7.2. Prevention or Improvement of Motor Deficits

The main criteria for judgment of gene therapy efficacy in Abcd1-/y mice should include a significant and consistent improvement on several motor tests. The main caveats for interpreting these tests have been cited in Section 6.1. Motor tests include the rotarod, the crenellated or non-crenellated bar/beam walking test, the edge test, the hind limb extension reflex (hindlimb clasping) test, the spontaneous open field movement test, the gait pattern test, the footprint pattern test in tunnel walking, and the rearing test. By watching hundreds of crenellated bar test videos over the years, we found that the motor deficits of Abcd1-/y mice predominate in the rear train, hind legs, and tail, mimicking the lower body deficits observed in AMN patients. Notably, many Abcd1-/y mice have perturbed tail balance during this test, while normal mice maintain stability by either lowering their tail position and keeping it static and straight so as to lower the whole-body mass or by extending the tail to the side. Recent studies provide sensitive tests and accurate metrics for specifically studying balance in rodents [157,158] and should be incorporated into the testing of Abcd1-/y mice. Among the widely used tests, we found the latency to fall to be a robust quantitative metric of Abcd1-/y axonopathy, even if the rotarod test involves a strong participation of the front legs versus the hind legs.

7.3. Cell Transduction

Cell transduction by the vector, sometimes described by adjectives such as widespread, abundant, sparse, etc., should be evaluated by precise measurements. The most commonly used of these measurements is the percentage of transduced cells among a given cell-type population characterized by its specific immunofluorescence biomarkers. The tagging of the ABCD1 transgene with HA allows a direct measurement of the total cell transduction (HA+/DAPI+), the percentage of a given cell type among total cells, and the percentage of transduced cells among a given cell-type population, three important criteria to determine vector distribution. Needless to say, the studied region should always be specified, whether it is an entire spinal cord piece, or a spinal cord white matter piece, or dorsal funiculi or other spinal cord tracts, and the level of the spinal cord precisely indicated (Figure 1). Expression of ABCD1 should be quantified in the long term to ensure the durability of transgene expression.
The number of vector genome copies per diploid genome (VGC) can also be used to measure hABCD1 copy content and persistence in the spinal cord and other CNS regions [145]. RT-PCR can measure ABCD1 mRNA in nervous tissue [145]. However, both VGC and mRNA copies are average counts reflecting the highly heterogeneous cellular composition of CNS samples. Since a given transduced cell may contain 1 to 50 vector genome copies, one cannot easily interpret average values of VGC or mRNA in a global specimen of spinal cord, including white and/or gray matter. However, if, for example, the dorsal columns are dissected out, the counted VGC and mRNA will mostly reflect the transduction of interfascicular OL and astrocytes.
Whenever possible, EM should be used to detect changes in myelin sheaths, number, axon morphology, thickness, and clusters of β-amyloid precursor protein that may occur in response to vector treatment. This has not been conducted, however, in any of the published gene therapy studies [49,128,129,134]. Recent techniques of large field-of-view imaging at a single-axon resolution, and automatic software to segment datasets [139,140] would provide an accurate quantitative and qualitative characterization of axonal pathology to evaluate the effects of gene therapies on axonal degeneration.
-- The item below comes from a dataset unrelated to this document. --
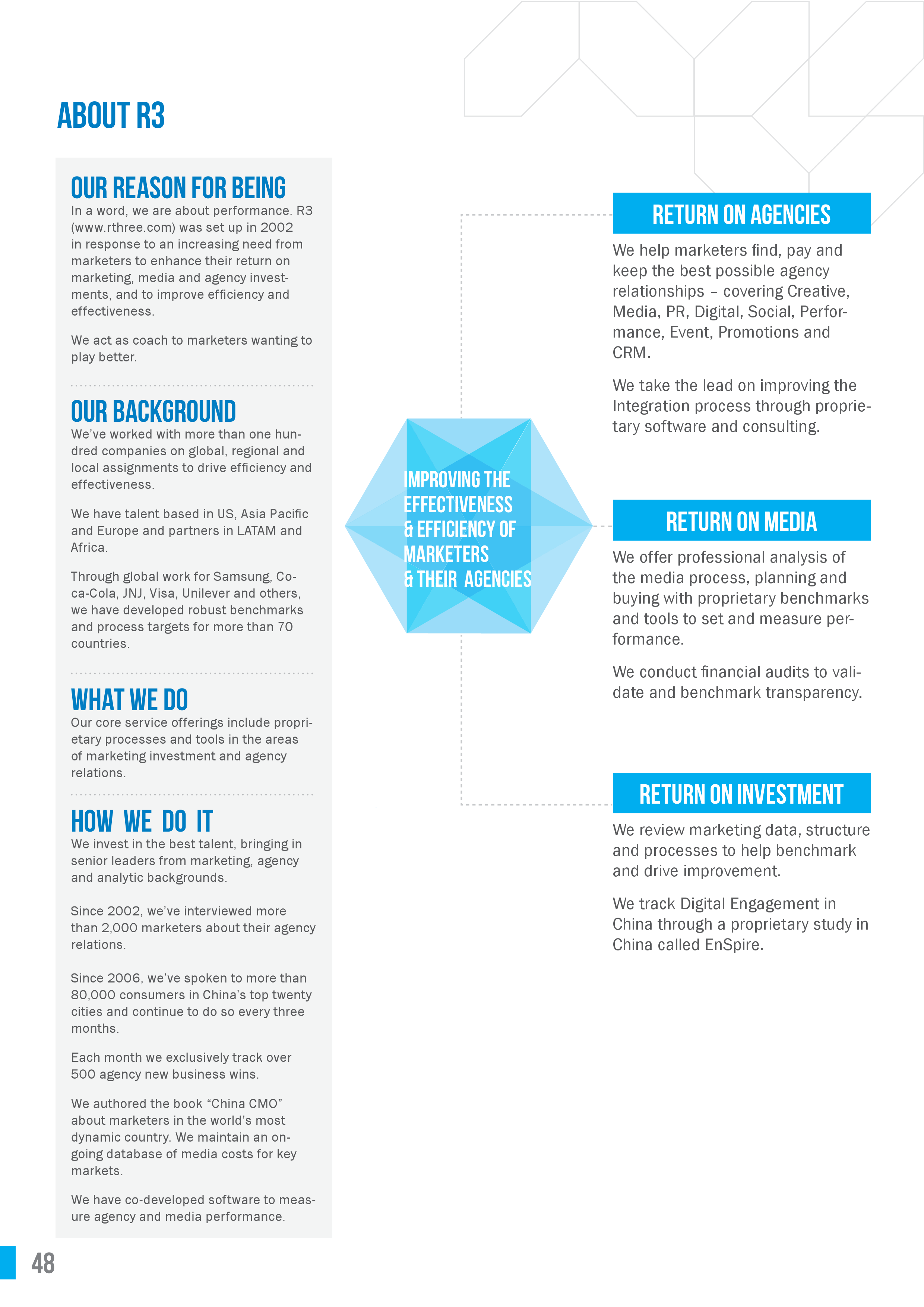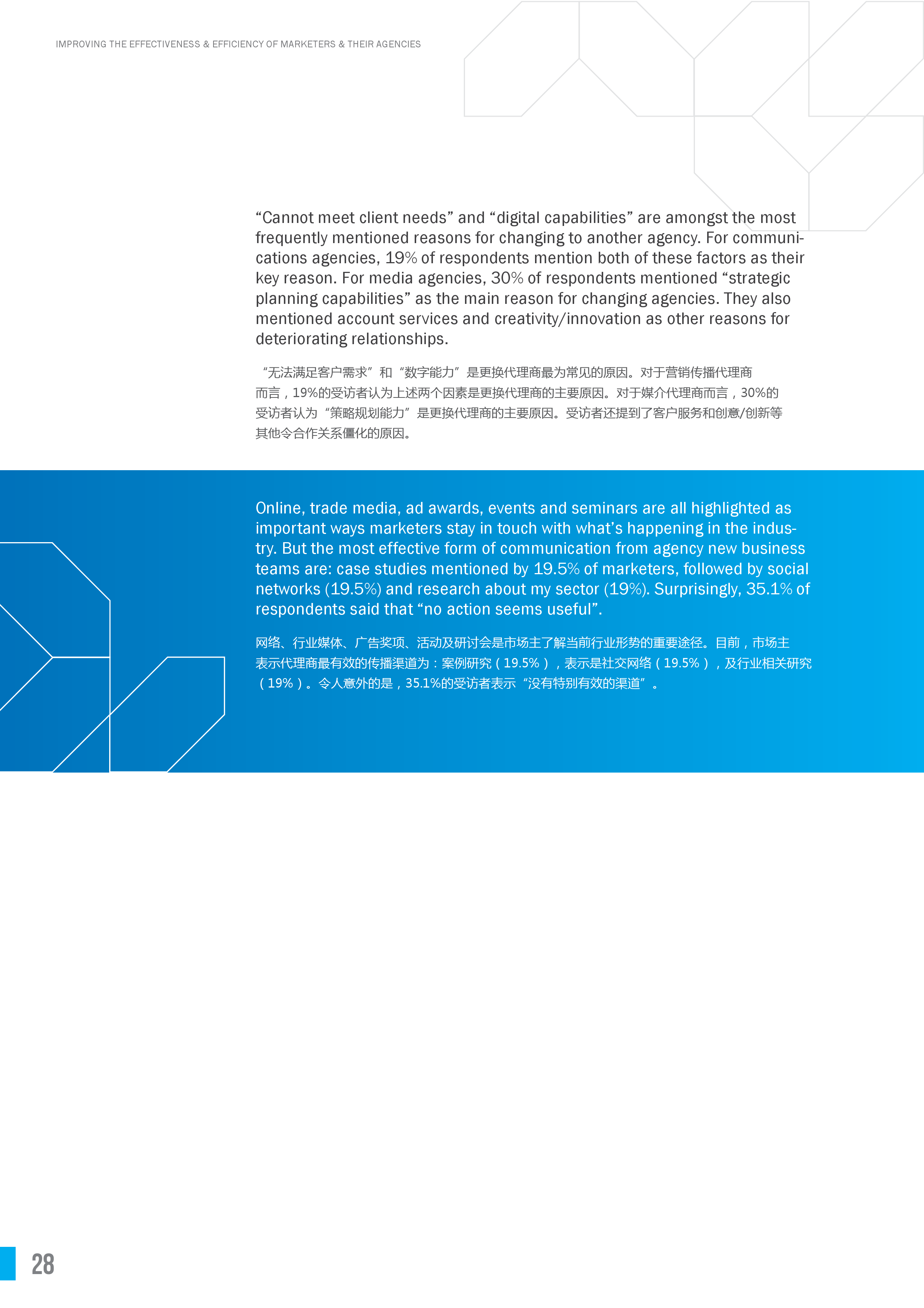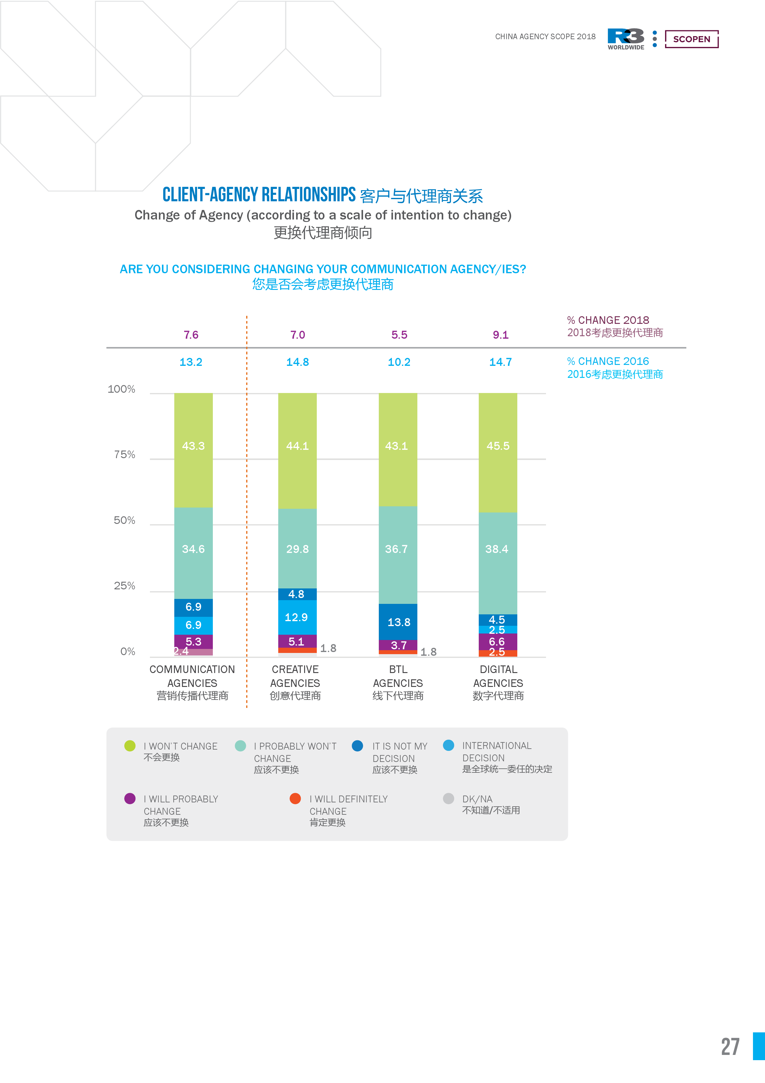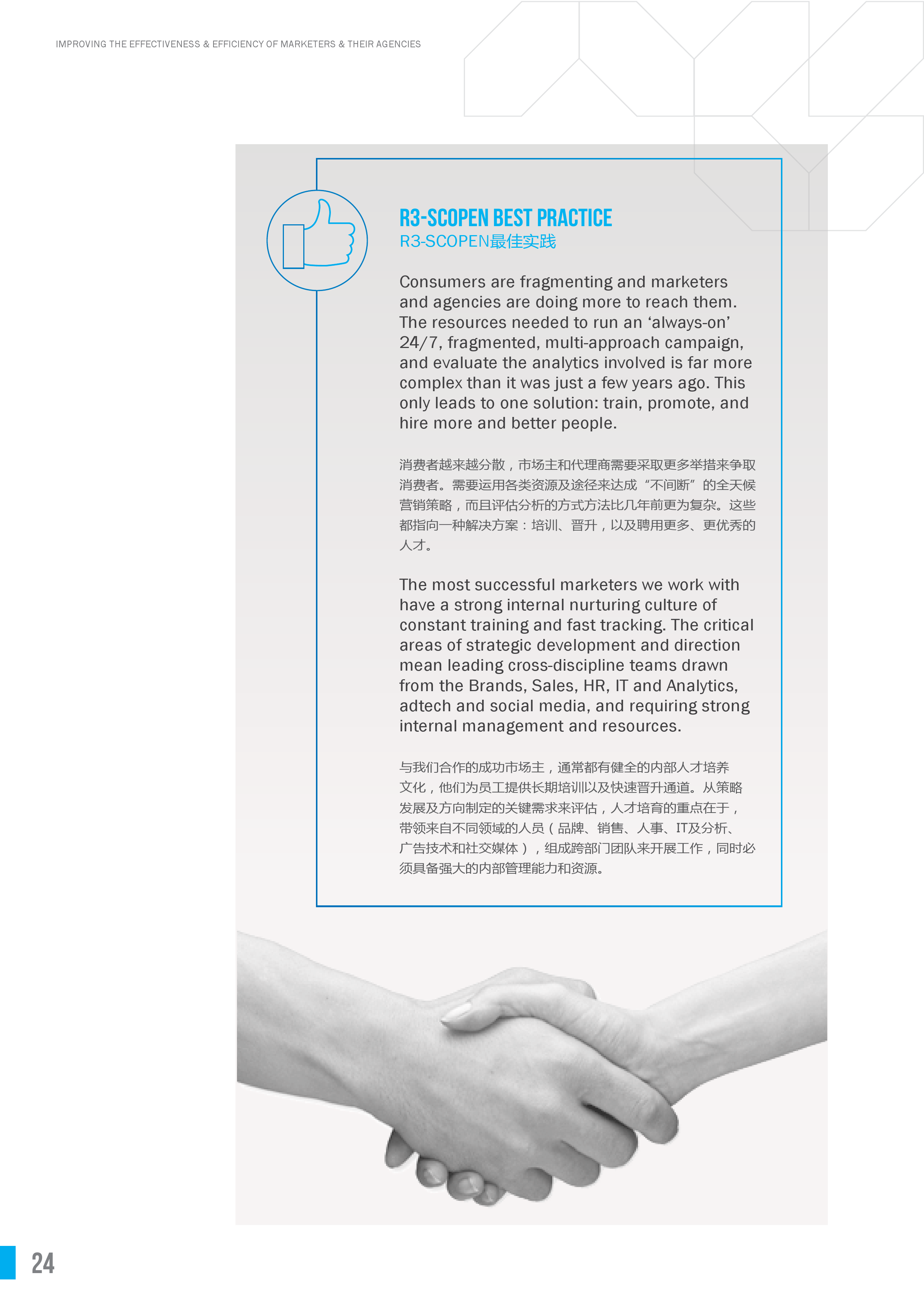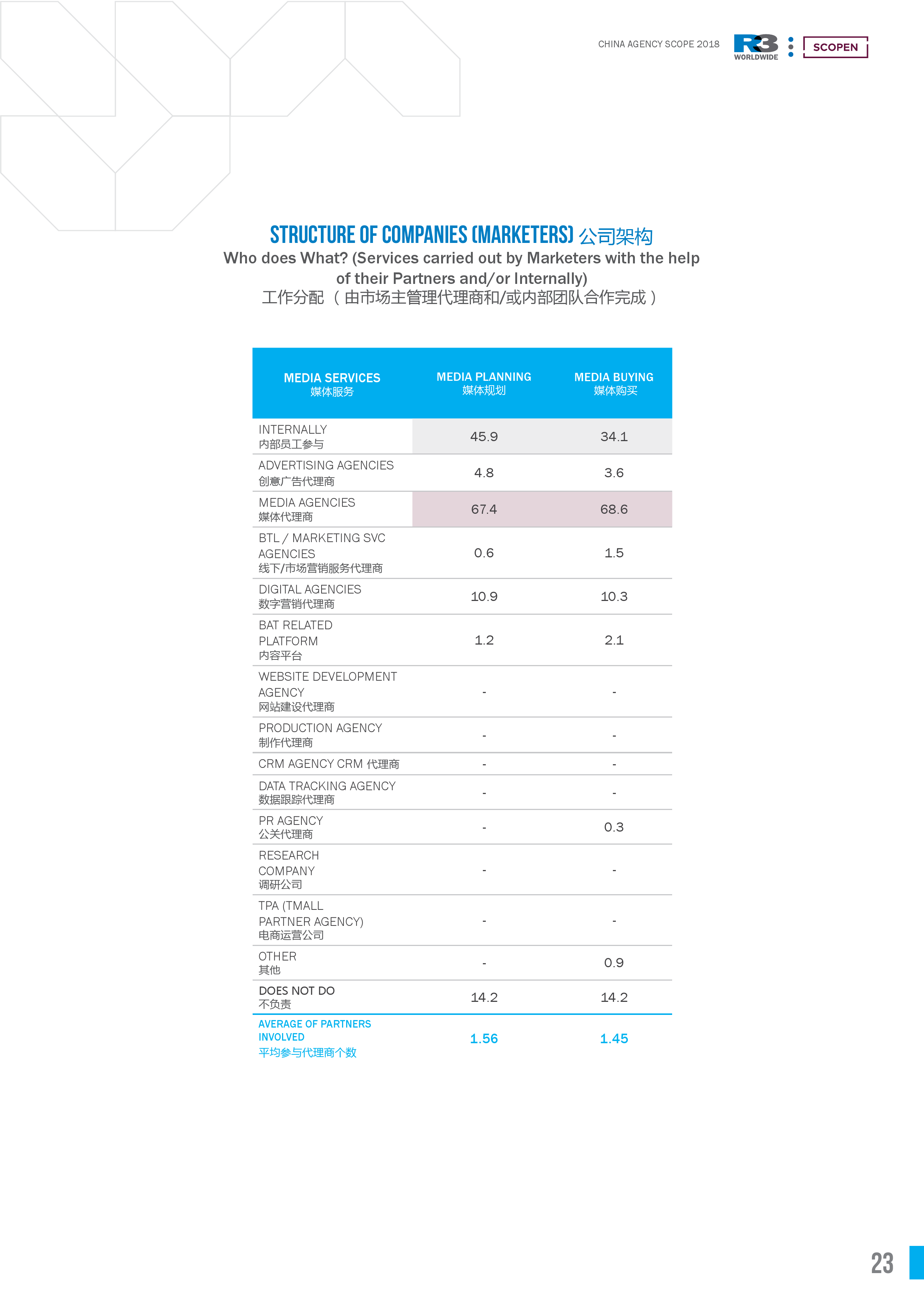 胜三-SCOPEN《2018年中国营销趋势研究》重点关注营销行业的发展趋势,针对中国代理商的看法及表现评估,共采访了406位营销决策者,他们在中国市场负责营销、传播和广告方面的工作,分别来自于306家不同公司,管理着746个客户-代理商关系。本文将着重说明十大主要趋势,详细报告则包含更多细节。我们还总结了最佳实践的建议,旨在帮助市场主及其代理商抓住这些趋势,得到进一步的提升。

7.4. VLCFA Accumulation in the CNS

The most sensitive parameters of VLCFA accumulation are currently C26:0-LPC and C26:0-carnitine [74,159]. Restoration of peroxisomal degradation leading to decreased VLCFA accumulation in the spinal cord is an expected outcome of gene therapy approaches. Measuring whole spinal cord specimens may not be as sensitive as measuring these parameters in white matter, or even better in the dorsal columns of the spinal cord that supposedly contain the most affected axons.

8. Gene Therapy Attempts in Abcd1-/y Mice

Except for early attempts using HSC transplantation, all gene therapy approaches have used neurotropic AAV9 vectors to import and express hABCD1 copies into targeted cells of the CNS. To prevent or rescue the myelopathy of Abcd1-/y mice, gene therapy should restore a sufficient level of hABCD1 expression and activity in cells crucially involved in the function of the affected spinal cord tracts. Pioneer attempts used “ubiquitous” promoters to restore hABCD1 expression in a variety of neural cells of the spinal cord white matter [49,132,134]. We will see that expression was not ubiquitous, though, in CNS cell types. A more recent approach used another promoter instead to drive hABCD1 expression in OL [128,129] according to the hypothesis that these cells play a central role in AMN pathogenesis [20].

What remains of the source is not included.